/---
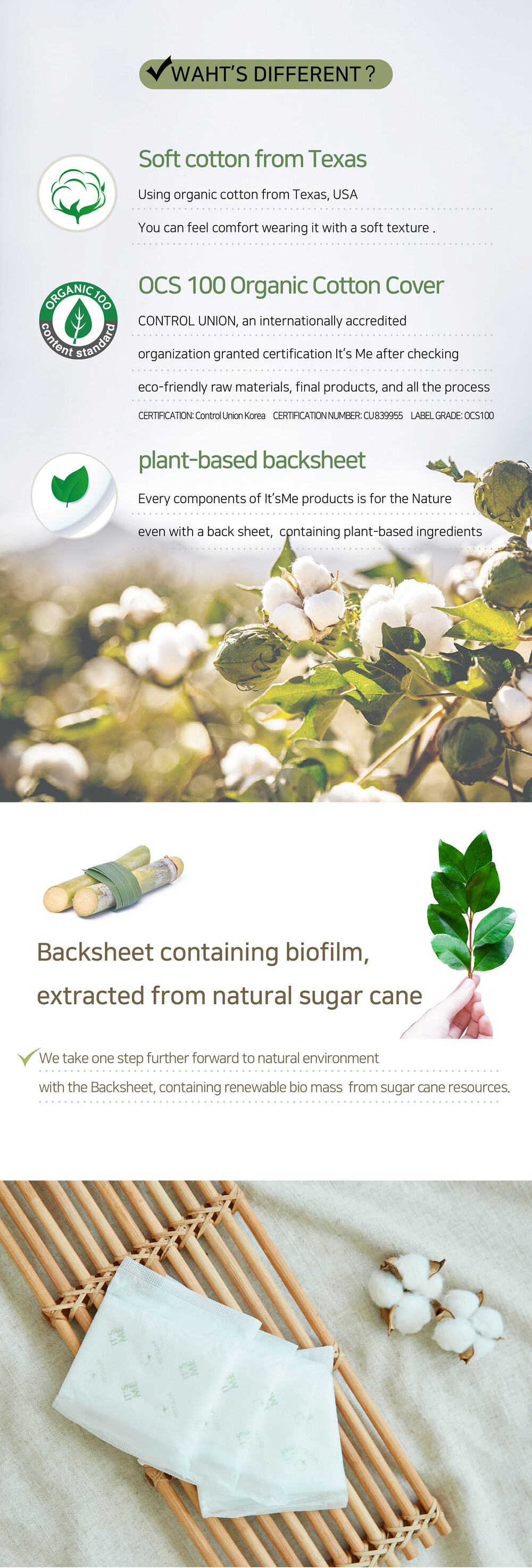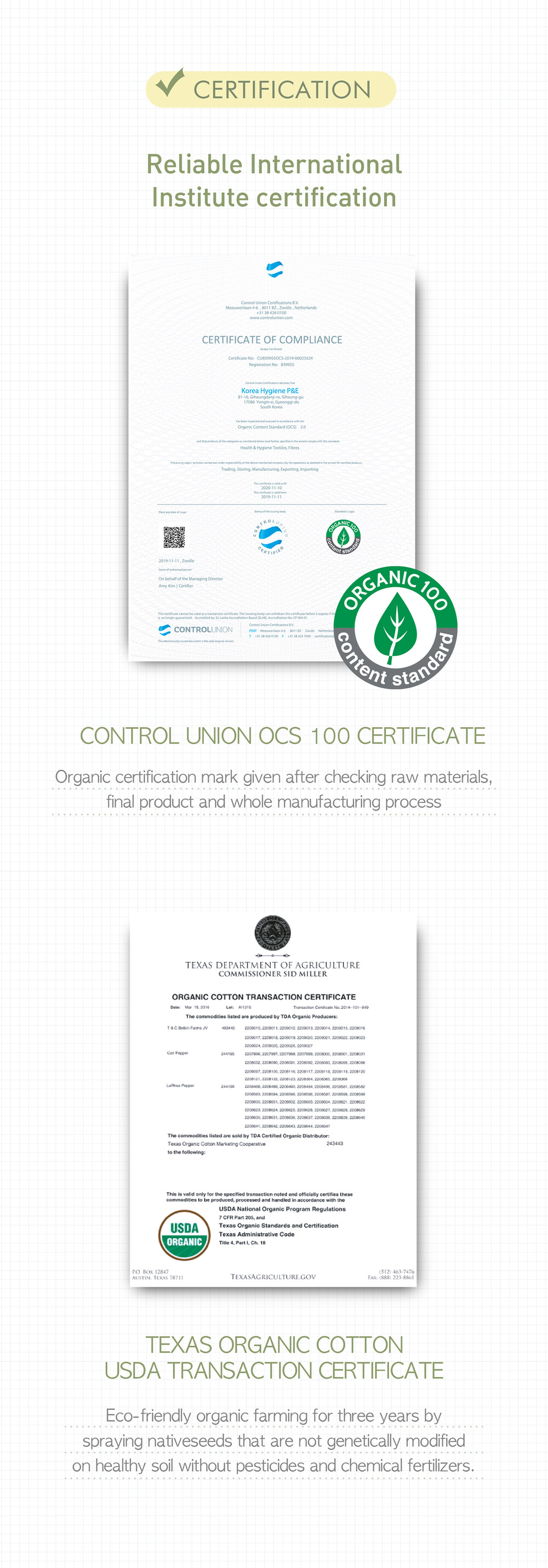 Certified by USDA. Slim type absorbing
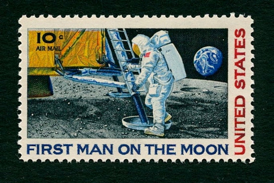 Commemoration of the landing of Apollo 11 on the Moon. The illustration is an artist’s impression of Neil Armstrong talking his ‘one small step’ onto the surface. In reality, the Earth was not low on the horizon as shown here but much closer to the zenith because they landed near the centre of the Moon’s visible face. This stamp was intended for airmail postage, hence the prefix ‘A’ to the Stanley Gibbons catalogue number.
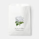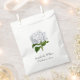 Elegant white favour bag with lovely artwork of a white hydrangea. Personalise the black custom text for wedding event. Great for candy and sweets bars.
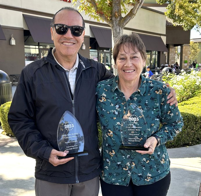 Saturday’s Great Valley Bookfest in Manteca included honors for a couple of area ‘Literacy Heroes’ – Manuel Camacho and Marg Jackson. Camacho started his career as an educator in 1993 where he taught Spanish at Canoga Park High School for 10 years. He moved to Stockton 22 years ago and has been teaching Spanish at San Joaquin Delta College as a full-time faculty member. He is also a storyteller and has participated in storytelling events throughout the Central Valley for over 20 years. Jackson, editor of the Escalon Times, Oakdale Leader and Riverbank News, has worked in the Central Valley for over 30 years. Originally from upstate New York, working first in radio and then as a newspaper reporter, she came to California for the chance to be an editor. She is an advocate for literacy in the Escalon community, including covering programming in local schools, the library, the annual writing camp, and countless other programs.
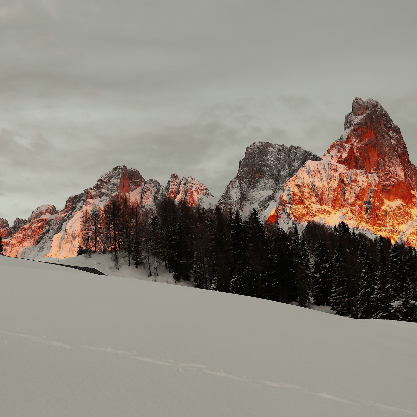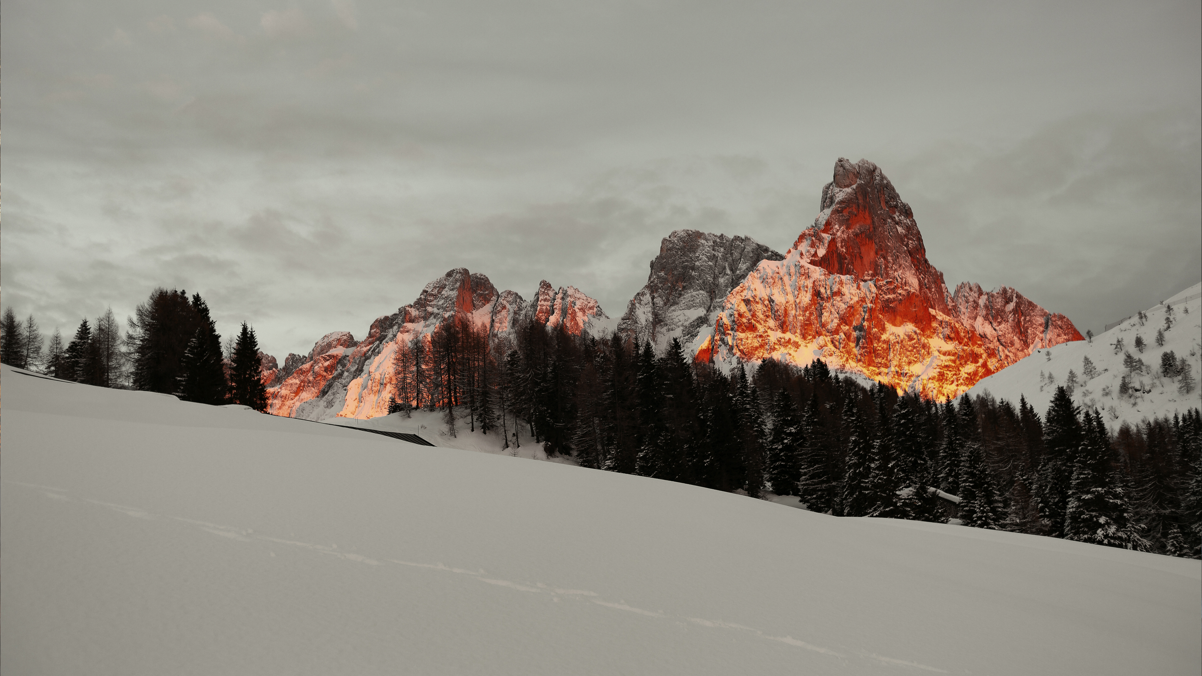 Fiery orange mountain peaks rise above a line of dark pine trees, contrasting with the gray sky and white foreground.
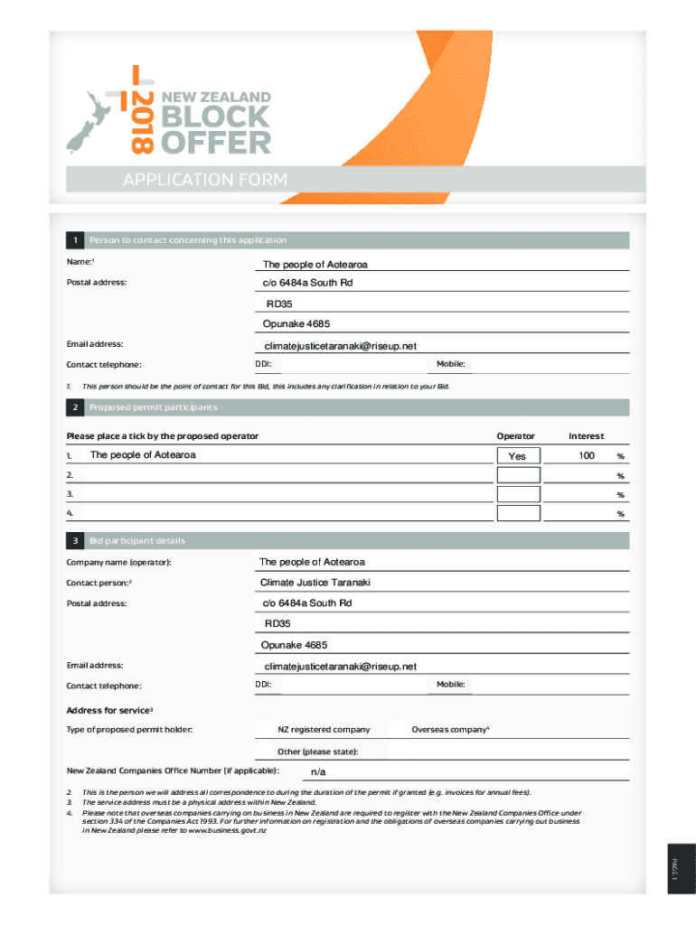 APPLICATION FORM1Person to contact concerning this applicationName:1The people of AotearoaPostal address:c/o 6484a South Rd
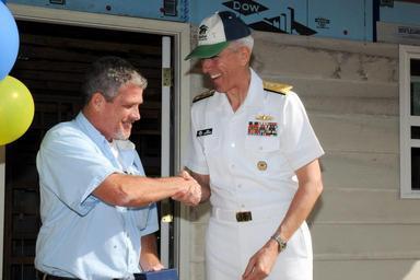 Keywords: US Navy 100318-N-8190H-058 Vice Adm. Samuel Locklear III, director of Navy staff, shakes hands with Ralph Jackson, affiliate CEO for Habitat for Humanity Hillsborough County, after being presented with a ball cap.jpg en TAMPA Fla March 18 2010 Vice Adm Samuel Locklear III director of Navy staff shakes hands with Ralph Jackson affiliate CEO for Habitat for Humanity Hillsborough County after being presented with a ball cap Sailors volunteered to build a new home for a Habitat for Humanity project during Tampa Bay Navy Week Navy Weeks are designed to show Americans the investment they have made in their Navy and increase awareness in cities that do not have a significant Navy presence U S Navy photo by Mass Communication Specialist 1st Class Christine Hannon/Released 2010-03-18 100318-N-8190H-058 Navy http //www navy mil/view_image asp id 83402 U S Navy photo by Mass Communication Specialist 1st Class Christine Hannon PD-USGov-Military-Navy Images from US Navy location TAMPA Fla Samuel J Locklear Handshakes involving the military Tampa Bay Navy Week |
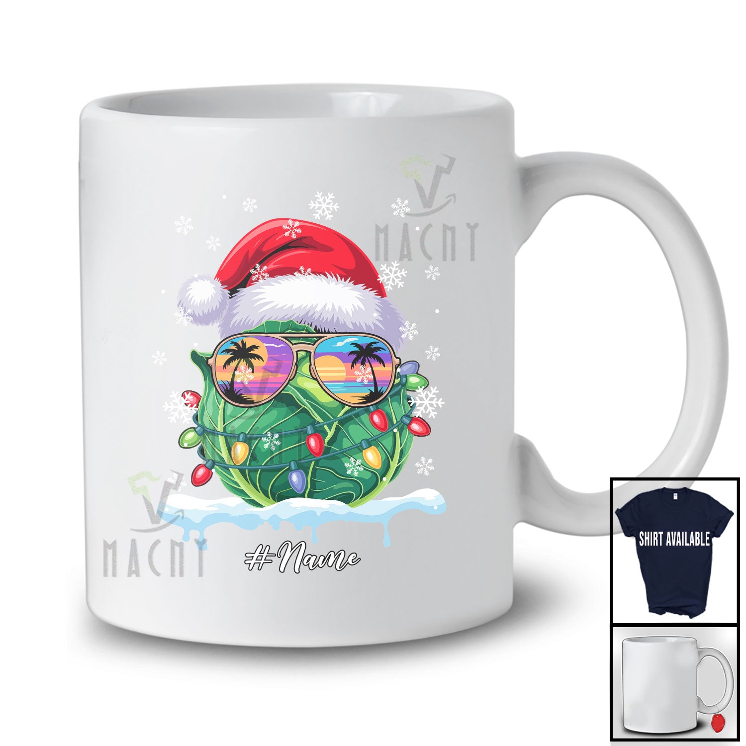 Personalized Custom Name Santa Cabbage Sunglasses; Joyful Christmas Lights Family Group T-Shirt. This cotton t-shirt is a durable staple product with a classic fit. One of the most popular items, it has a relaxed style made for everyday and casual wear.
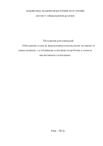 Методичні аспекти формування пізнавальної активності дошкільників з особливими освітніми потребами в умовах інклюзивного навчання.pdf - Submitted Version Download (435kB) | Preview |
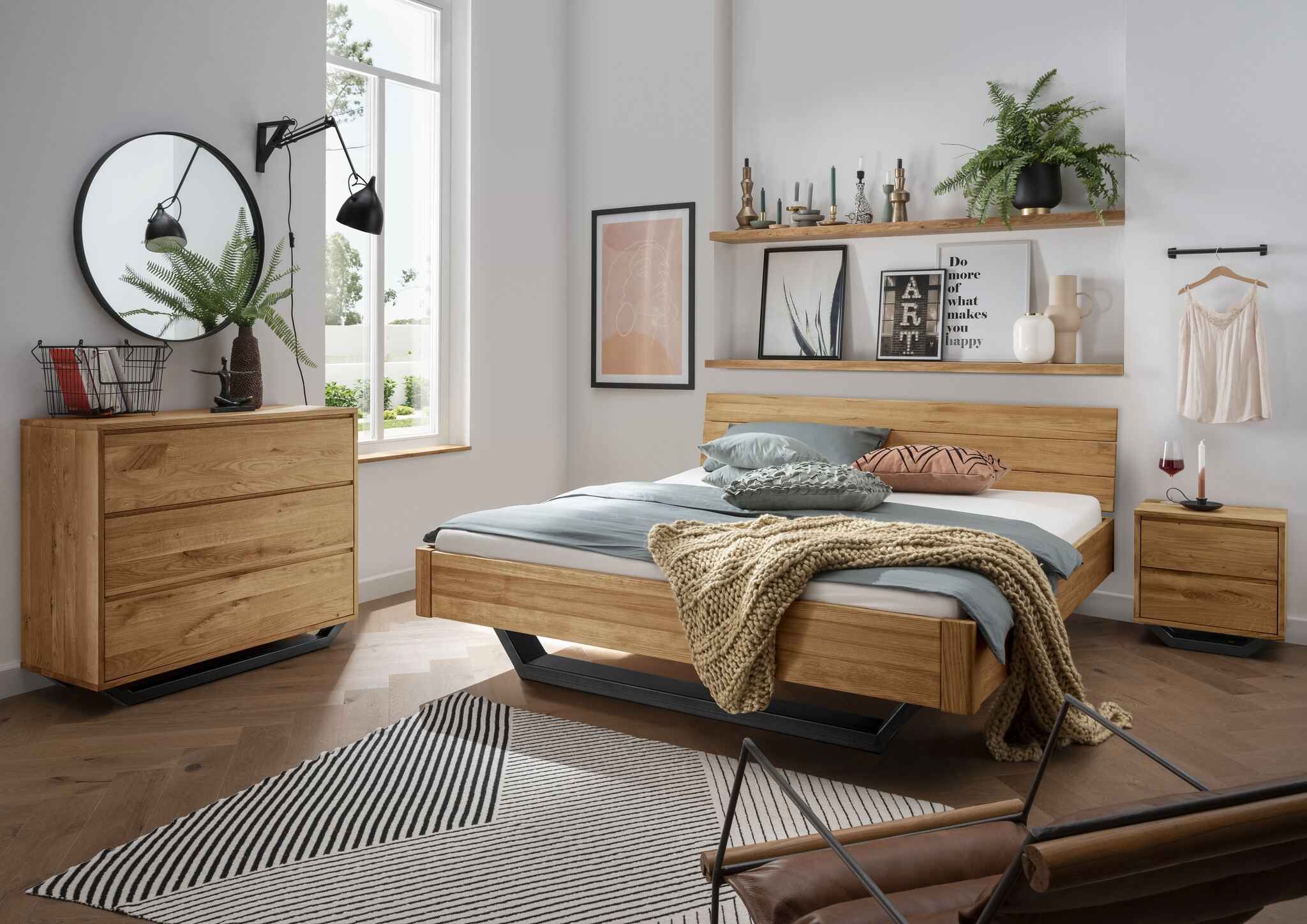 Prachtig Industrieel eiken bed Vienna van het Duitse topmerk TPT Möbel.
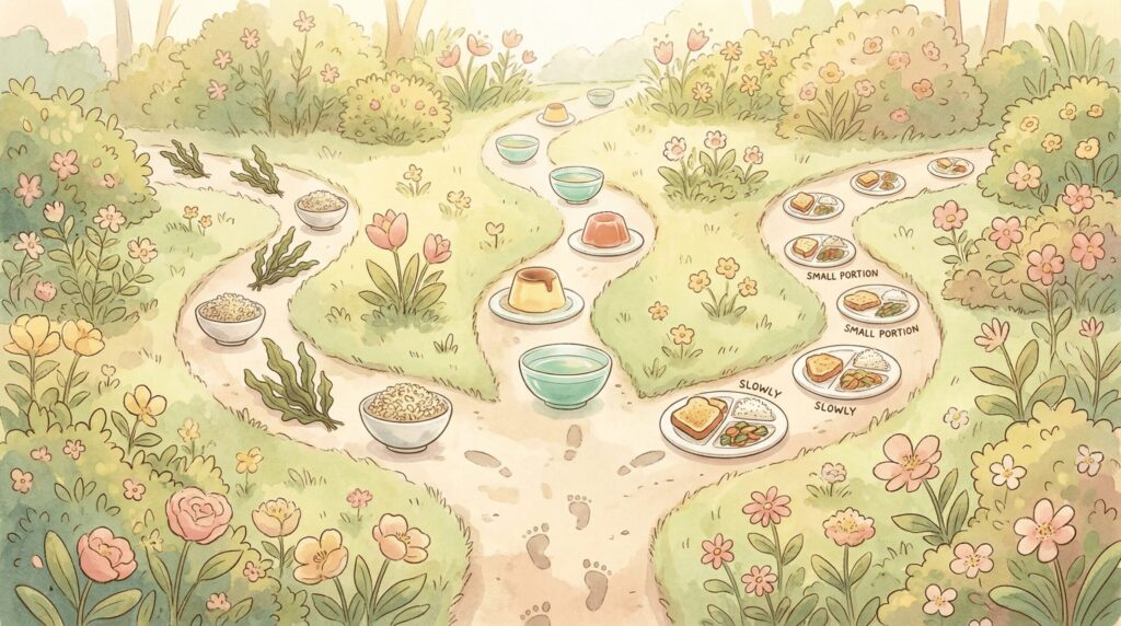 食物繊維の摂り方ガイドでも触れたように、数日ごとに2〜3gずつ増やし、お腹の反応を見ながら調整していきます。
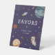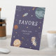 Cute space themed kids birthday favors pedestal sign featuring playful astronaut, planet and star illustrations paired with fun, stylish typography on different color backgrounds. You can find more matching items from this collection in our store.
\---
# [To do]
Nothing but the lines from the start of the records through the line holding "Elegant white favour" should be printed, exactly as written and with the pictures left out.

# [Result]
 Certified by USDA. Slim type absorbing
 Commemoration of the landing of Apollo 11 on the Moon. The illustration is an artist’s impression of Neil Armstrong talking his ‘one small step’ onto the surface. In reality, the Earth was not low on the horizon as shown here but much closer to the zenith because they landed near the centre of the Moon’s visible face. This stamp was intended for airmail postage, hence the prefix ‘A’ to the Stanley Gibbons catalogue number.
 Elegant white favour bag with lovely artwork of a white hydrangea. Personalise the black custom text for wedding event. Great for candy and sweets bars.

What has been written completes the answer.